Volume 143, No. 94 covering the 1st Session of the 105th Congress (1997 - 1998) was published by the Congressional Record.

The Congressional Record is a unique source of public documentation. It started in 1873, documenting nearly all the major and minor policies being discussed and debated.

“NATIONAL DEFENSE AUTHORIZATION ACT FOR FISCAL YEAR 1998” mentioning the Environmental Protection Agency was published in the Senate section on pages S6877-S6906 on July 7, 1997.

The publication is reproduced in full below:

NATIONAL DEFENSE AUTHORIZATION ACT FOR FISCAL YEAR 1998

The PRESIDING OFFICER. The Senate will now resume consideration of S. 936, which the clerk will report.

The legislative clerk read as follows:

A bill (S. 936) to authorize appropriations for fiscal year 1998 for military activities of the Department of Defense, for military construction, and for defense activities of the Department of Energy, to prescribe personnel strengths for such fiscal year for the Armed Forces, and for other purposes.

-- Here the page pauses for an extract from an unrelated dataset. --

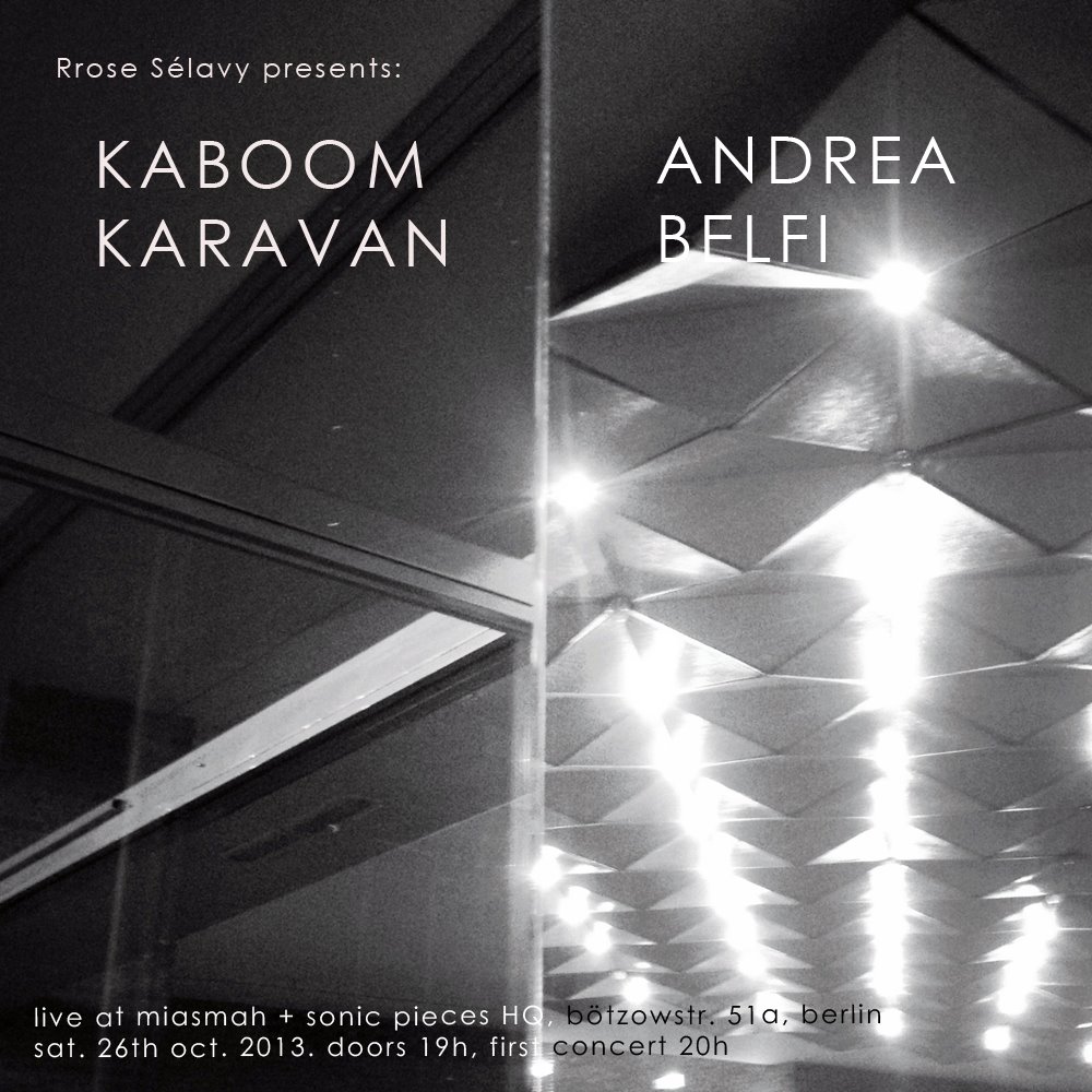 Miasmah and Sonic Pieces continue their house concert series on the 26 of Octobre with Kaboom Karavan & Andrea Belfi. Kaboom Karavan's recent release "Hokus Fokus," as well as the first-ever vinyl pressing of 2007 release "Short Walk With Olaf," both came out on Miasmah this past August.This will also be Kaboom Karavan's first ever Berlin show!
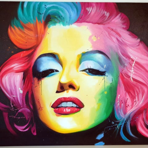 Färgglad abstrakt porträttmålning på duk med kraftiga färgtoner i orange, rött, gult och blått.

The Senate resumed consideration of the bill.

Pending:

Cochran/Durbin amendment No. 420, to require a license to export computers with composite theoretical performance equal to or greater than 2,000 million theoretical operations per second.

Grams Amendment No. 422 (to amendment No. 420), to require the Comptroller General of the United States to conduct a study on the availability and potential risks relating to the sale of certain computers.

Coverdell (for Inhofe/Coverdell/Cleland) amendment No. 423, to define depot-level maintenance and repair, to limit contracting for depot-level maintenance and repair at installations approved for closure or realignment in 1995, and to modify authorities and requirements relating to the performance of core logistics functions.

Mr. LUGAR addressed the Chair.

The PRESIDING OFFICER. The Senator from Indiana is recognized.

Mr. LUGAR. Mr. President, momentarily, when the draft of my amendment arrives, I will send it to the desk. For the moment, I will simply mention that the amendment I am about to offer, I will offer on behalf of myself, Senator Bingaman, Senator Domenici, and Senator Levin.

Mr. President, I indicate that additional original cosponsors will be Senators Hagel, Jeffords, Chafee, Specter, D'Amato, Frist, Gorton, Snowe, Collins, Kennedy, Biden, Kerrey of Nebraska, Lieberman, Byrd, Reed of Rhode Island, Daschle, and Robb.

I want to especially recognize Senator Domenici for his contribution to our work on this amendment.

Mr. President, let me state at the outset that Congress established, in 1991, with strong bipartisan support, what is known as the Nunn-

Lugar Cooperative Threat Reduction Program, the CTR.

Last year, the Senate, in a 96 to 0 vote, amended and enlarged this important program through the Nunn-Lugar-Domenici legislation entitled the Defense Against Weapons of Mass Destruction Act.

The CTR program at the Department of Defense, along with its companion programs at the Department of Energy--namely, the Materials Protection Control and Accounting Program [MPC&A] and the International Nuclear Safety Program--have played significant roles in our efforts to reduce the risk to the United States from loose nukes and the dangers inherent in the operations of Soviet-designed nuclear reactors.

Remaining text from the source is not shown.